The apparent decline in adult survival, as perceived from the comparison between this study (which includes the data from Sweden) and the Swedish one by Tjernberg & Ryttman (1994), may reflect the rapidly changing conditions on the breeding grounds, in the African wintering quarters or in both at the same time. Substantial evidence is accumulating that predation risk on the breeding grounds has increased (Hakkarainen et al. 2004, Sergio & Hiraldo 2008), with Honey Buzzard among the species being particularly vulnerable (Bijlsma 2004). In the Veluwe plot, for example, nest failure in Honey Buzzards caused by predation (Northern Goshawks, to a lesser extent Pine Marten Martes martes, mostly targeted at nestlings but frequently also involving adults) was absent in 1970–75 (a total of 20 nests under observation), then gradually increased to 10.3% in 1976–89 (184 nests), 15.8% in 1990–99 (57 nests) and 40.7% in 2000–09 (27 nests). In the Drenthe study plot, nest predation was already high in the 1990s and increased in the years to follow, i.e. 25% in 1990–95 (16 nests), 18.2% in 1996–99 (n = 11), 40% in 2000–04 (n = 15) and 45.4% in 2005–09 (n = 18) (Bijlsma 2004, and unpubl.).

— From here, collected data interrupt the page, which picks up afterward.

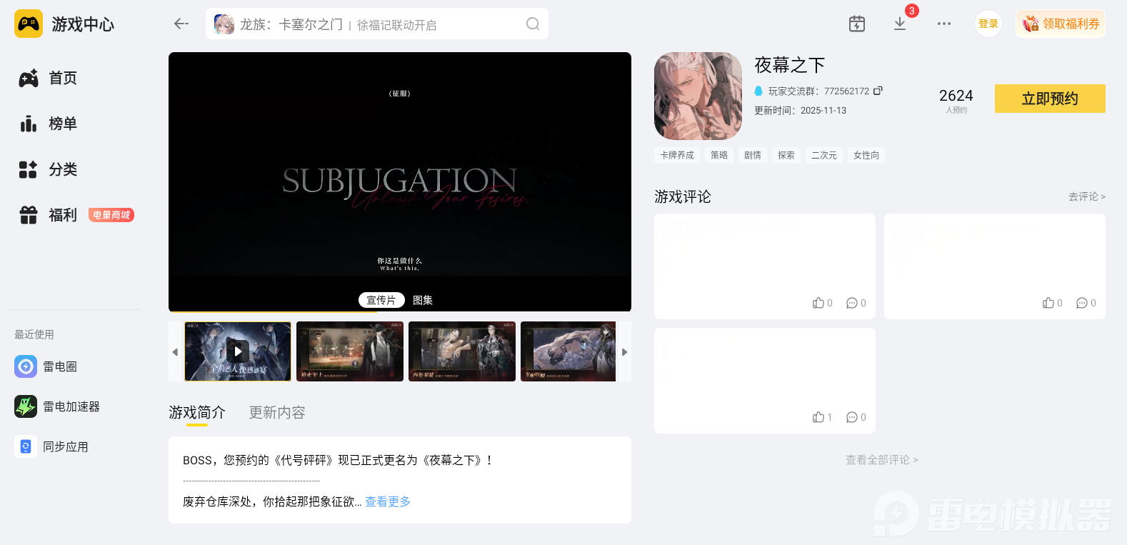 夜幕之下支线任务为游戏增添了更多乐趣与深度,用雷电模拟器玩《夜幕之下》,既能深入解锁支线的精彩内容,又能享受更舒适的游戏体验,让每一次夜间冒险都更尽兴,不妨亲自试试这份独特的游戏乐趣。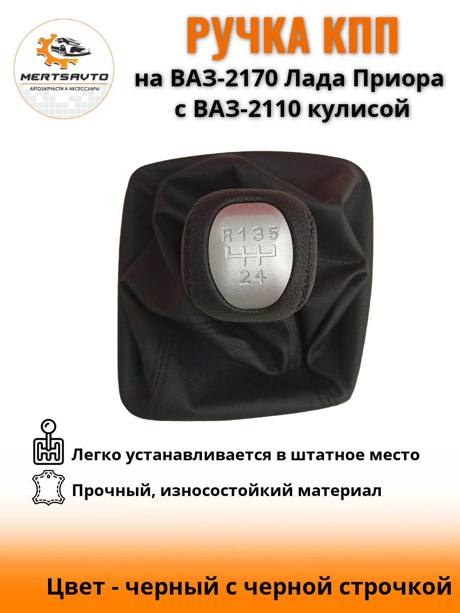Ручка КПП на ВАЗ-2170, Лада Приора 1 (LADA Priora 1) c ВАЗ-2110 кулисой люкс-серебро, ручка коробки переключения передач, черный с черной строчкой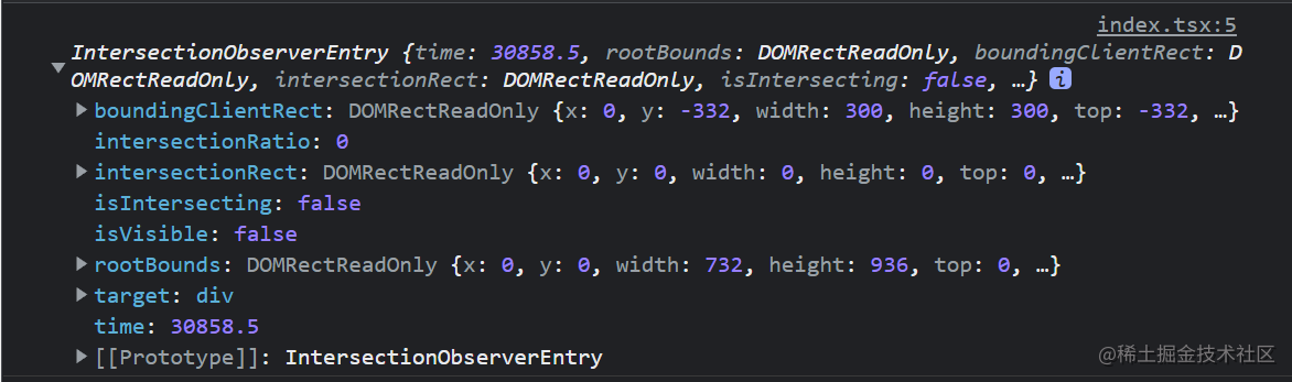 上面提到的changes数组中的每一项都是一个IntersectionObserverEntry 对象(下文简称io对象),对象提供目标元素的信息,一共有八个属性,我们打印这个对象: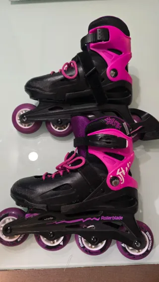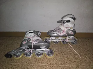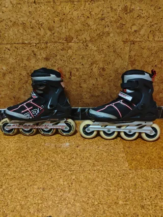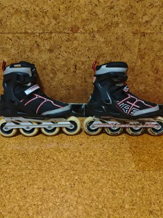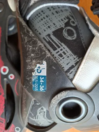 TALLA 40.5 ( yo en airmax uso casi un 42 y me vienen bien) - botin limpio siempre usado con calcetines. -muy cómodos - Bota alta con cierre de velcro y hebilla. - Ruedas de 80mm de serie SE CAMBIARON A 84mm PARA MAS COMODIDAD Y SUAVIDAD. COJINETES CON POCO USO. -Guia de aluminio.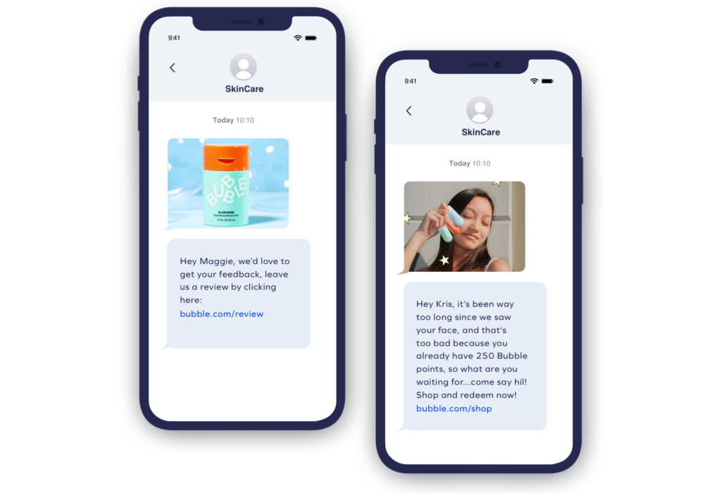 Bubble, una marca de cuidado de la piel de la nueva escuela, actúa sobre los datos de los miembros leales, como el comportamiento de compra y los motivadores, para catalizar la acción del cliente y el compromiso apasionado. Bubble envía mensajes de texto personalizados a los compradores objetivo que no han comprado en mucho tiempo, recordándoles a los clientes su saldo de puntos canjeables. Y animan a sus compradores más felices (miembros leales) a dejar reseñas detalladas sobre sus productos favoritos.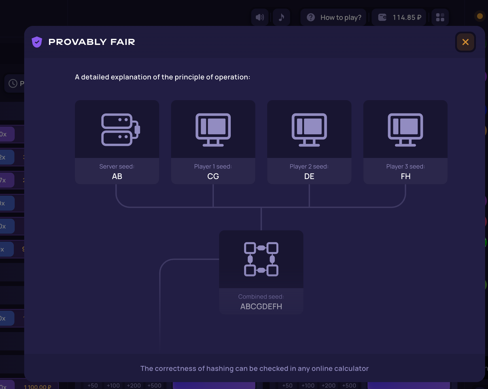Таким чином, будь-який гравець має можливість перевірити результати раунду. За запитом у вікні буде видно серверний сид, три клієнтські сиди, комбінований хеш і результати кожного раунду. Правильність формування даних завжди можна перевірити у будь-якому онлайн-калькуляторі.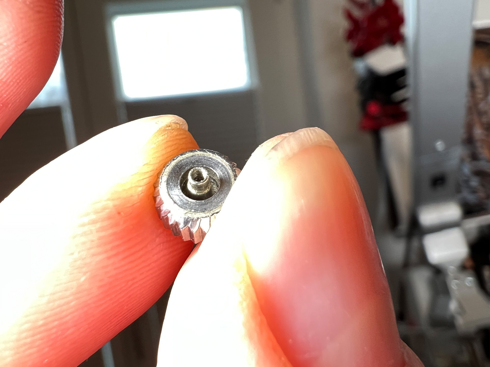 I could even do some measuring. The gasket in the old Narrow Flat Feet crown is a single zylindric one. Compared, the new crowns come along with two staked round donut gaskets. The inner diameter of 2.1mm seems to be identical. And also the width of 0.8mm. But the height differs. Whereas 2x staked donut gaskets have a total height of 1.6mm, the zylindric one has around 1.2mm. And the 1.2mm is approximately actually the available space in the crown.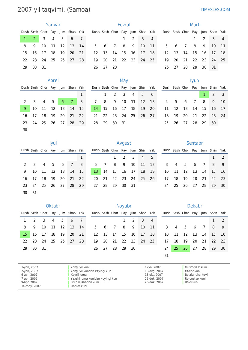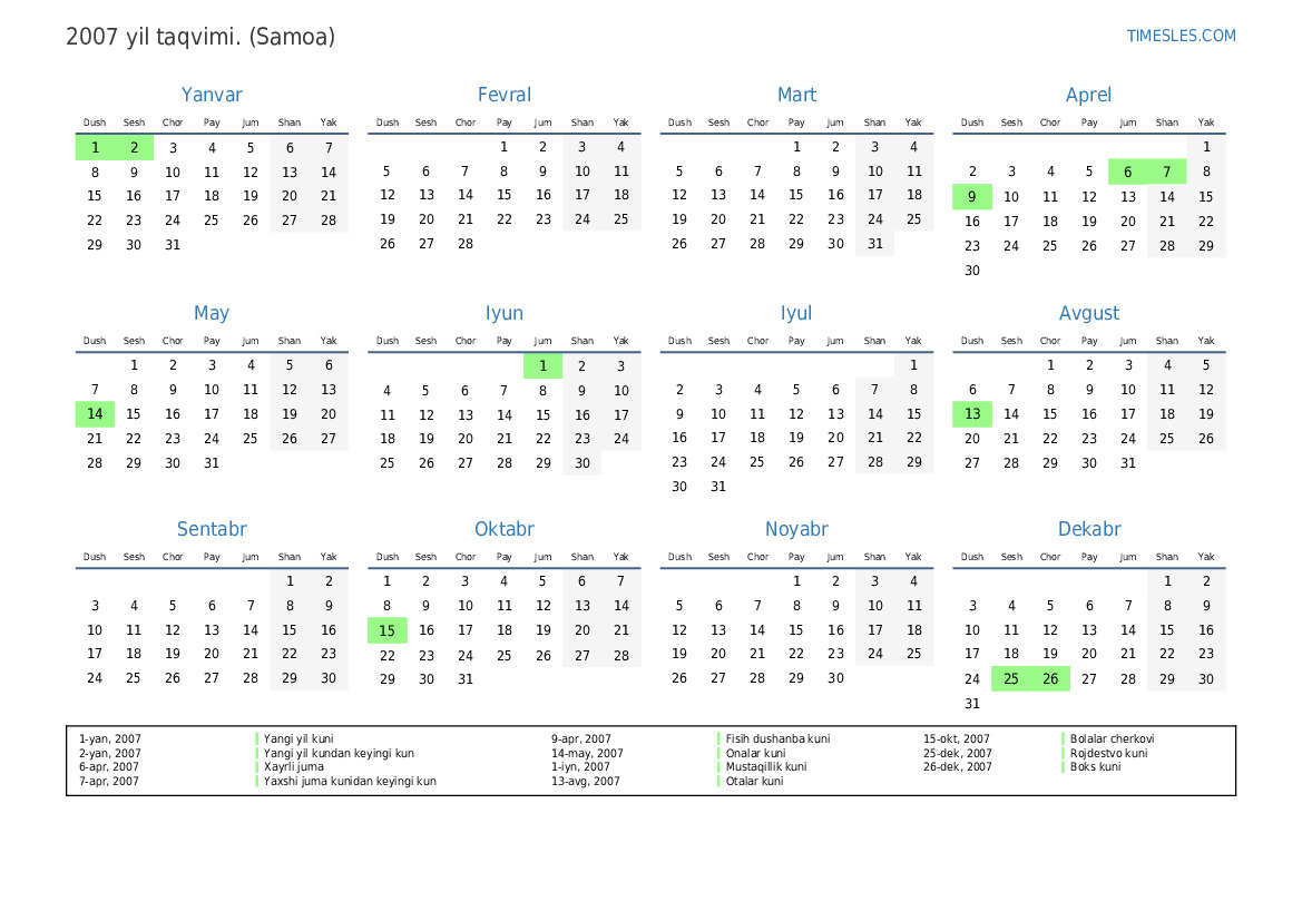 1-yan, 2007 Yangi yil kuni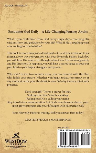Encounter God Daily-A Life-Changing Journey Awaits What if you could hear from God every single day-receiving His wisdom, love, and guidance for your life? What if He is speaking even now, waiting for you to listen? is book is more than just a devotional-it is a divine invitation to an intimate, two-way conversation with your Heavenly Father. Each day, you will hear His voice-His thoughts about you, His encouragement, and His direction. In response, you will have a sacred space to pour out your heart-your hopes, struggles, and prayers. Why wait? In just two minutes a day, you can connect with the One who holds your future. Whether you begin today, tomorrow, or at any moment in the year, this book is your 365-day journey into God's presence. Need strength? ere's a prayer for that. Seeking direction? God is speaking. Feeling lost? He is calling your name. Step into divine communication. Let God's voice become clearer, your spirit grows stronger, and your life aligns with His perfect will. Your Heavenly Father is waiting. Will you answer Him today? MASTER SPEAK is a MASTERPIECE!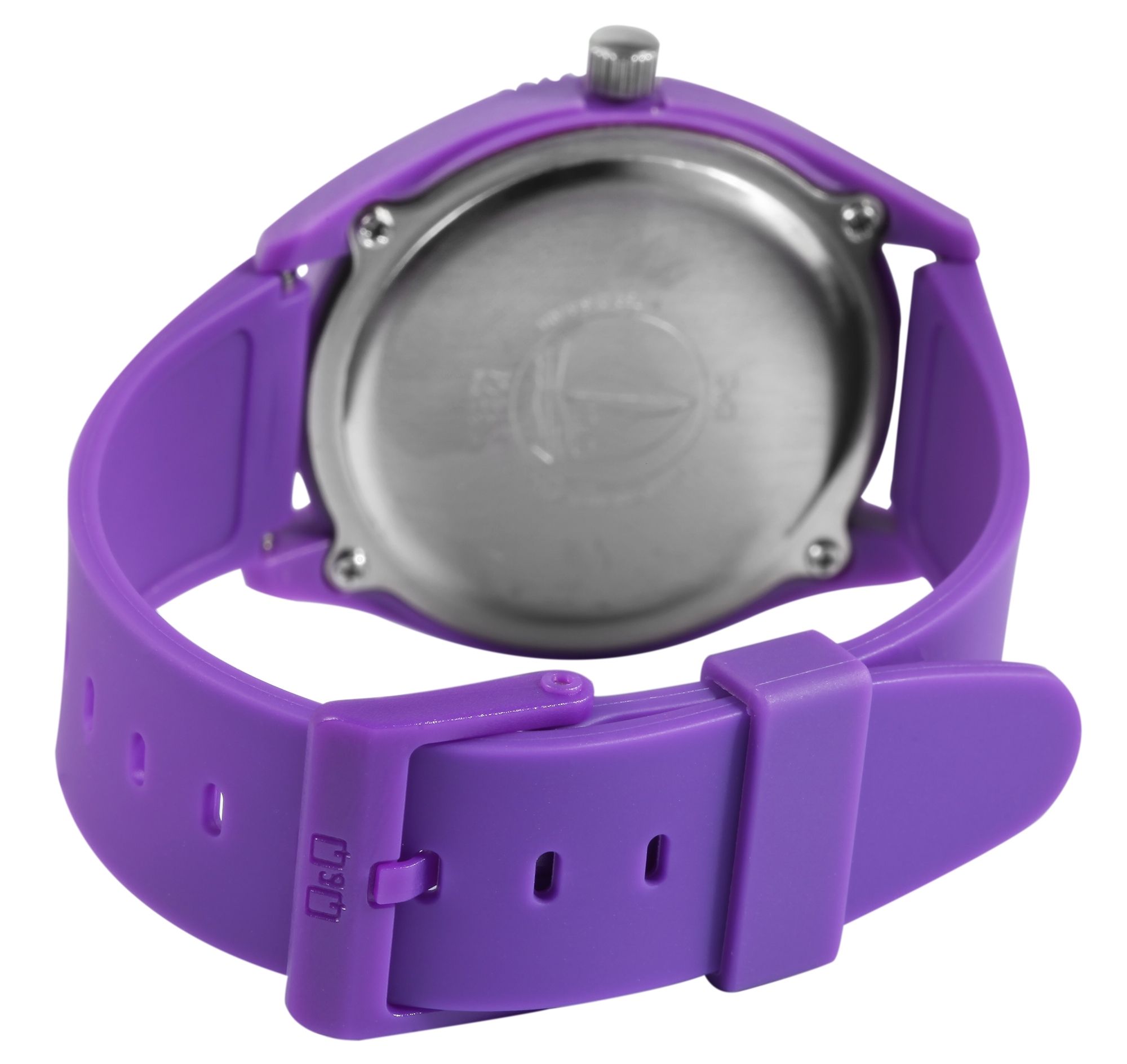 Die analoge 3-Zeiger Damenuhr der Marke Q&Q - by Citizen Watch Co. LTD verfügt über ein hochwertiges und ganggenaues Quarzuhrwerk. Das lilafarbene Silikonarmband ist am Anstoß 21 mm breit und lässt sich mit einer lilanen Dornschließe öffnen und schließen. Die Gesamtlänge der Uhr beträgt 25 cm. Das lilane Kunststoffgehäuse mit Mineralglas hat eine Abmessung von 41 mm im Durchmesser und einer Gehäusehöhe von 11 mm. Der Gehäuseboden ist aus Edelstahl gefertigt und mit vier Edelstahlschrauben am Gehäuse befestigt. Die Uhrzeit lässt sich durch das lilafarbene Zifferblatt mit weißen Ziffern im arabischen Stil ideal ablesen. Des Weiteren bietet die Armbanduhr durch das weiche Silikonarmband einen angenehmen Tragekomfort und lässt sich durch das sportliche Design wunderbar kombinieren. Zudem erweist sich das Material als besonders hautfreundlich und eignet sich dadurch ideal für Allergiker.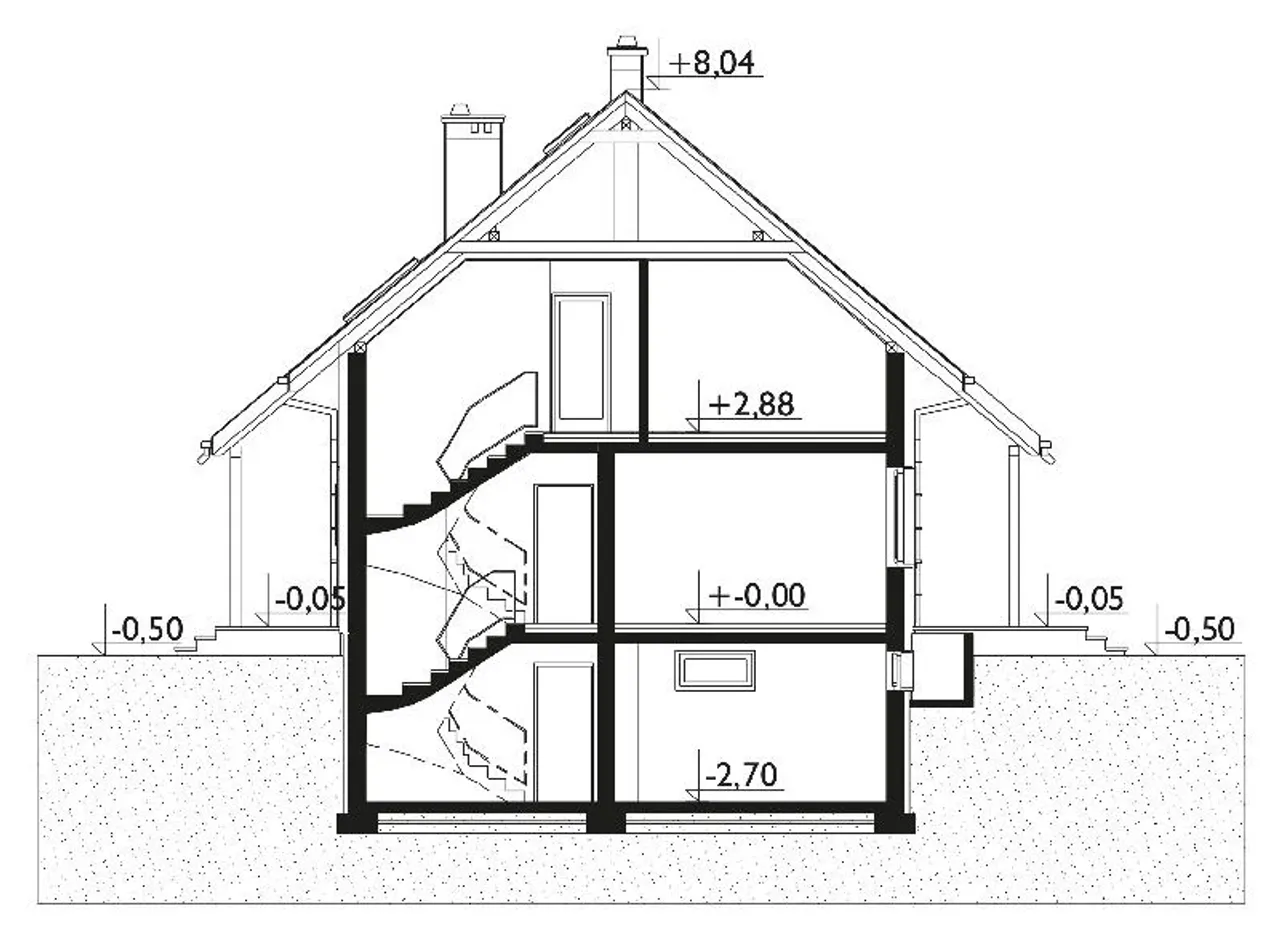 - przekroje - pokazują wszystkie elementy budynku po przecięciu go wzdłuż lub w poprzek od dachu do fundamentów tj. warstwy podłogi, stropów i dachu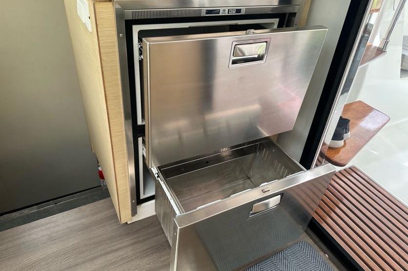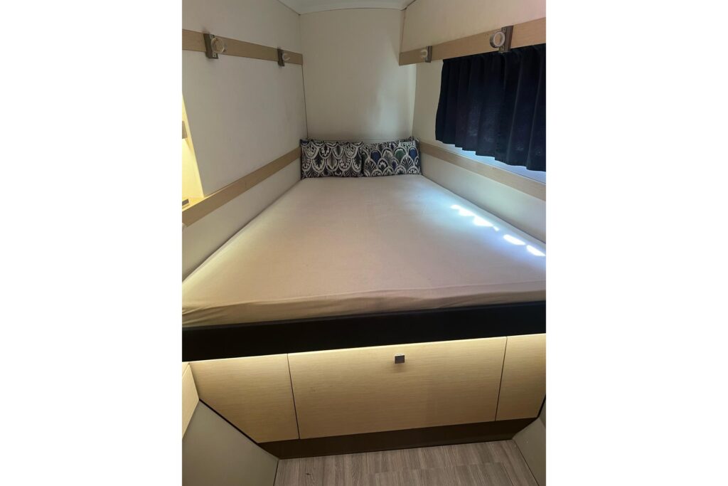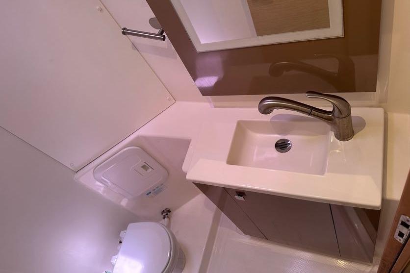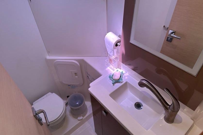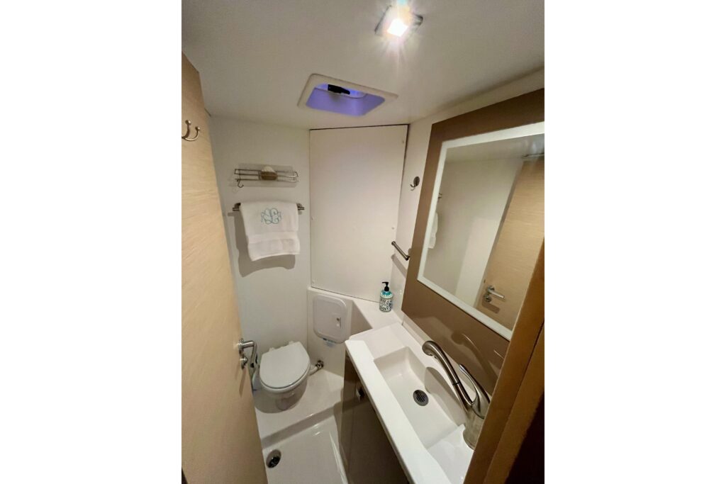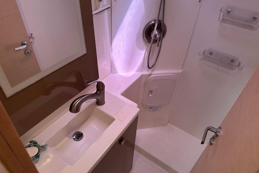 Uniquely enhanced from the standard 4-cabin, 4-head configuration, WaterLilly includes a custom walk-in shower in place of one head, offering an elevated onboard experience without sacrificing space to accommodate guests.

The sparse data from satellite-tracked adult Swedish and German birds (Hake et al. 2003, Meyburg & Meyburg 2011), adult Dutch birds equipped with a datalogger (J. van Diermen, W. van Manen & W. Bouten, unpubl.) and visual observations in rainforest in SE Nigeria (Bijlsma 2002) suggest that adult Honey Buzzards, once settled in the wintering quarter, have single or several small and fixed home ranges which are used nonstop or successively during the northern winter. Although the African wintering quarters may seem a land of milk and honey, the surface area (in km2) of suitable wintering habitat in West- and Central Africa is less than 25% of the size of the breeding area (Bijlsma 2002), and its extent is declining at a fast pace. The annual decline in the forested area in Liberia, Ivory Coast, Ghana, Nigeria, Cameroun, Central African Republic, Equatorial Guinea, Democratic Republic of Congo, Congo-Brazzaville and Gabon, i.e. the countries where the majority of Honey Buzzards spend the northern winter, varied between 0.6 and 2.1% per annum since the 1970s, depending on region and time frame (Dixon et al. 1996, Justice et al. 2001, Mayaux et al. 2005). The remaining fragments of woodland are often seriously degraded and fragmented (Duveiller et al. 2008); this is particularly true for West Africa. The strong decline in size and quality of forests must have further limited the size of the wintering area for Honey Buzzards. A negative impact of forest loss and forest degradation on population size is likely, perhaps via increased competition for high-quality territories (see also Strandberg et al. 2012).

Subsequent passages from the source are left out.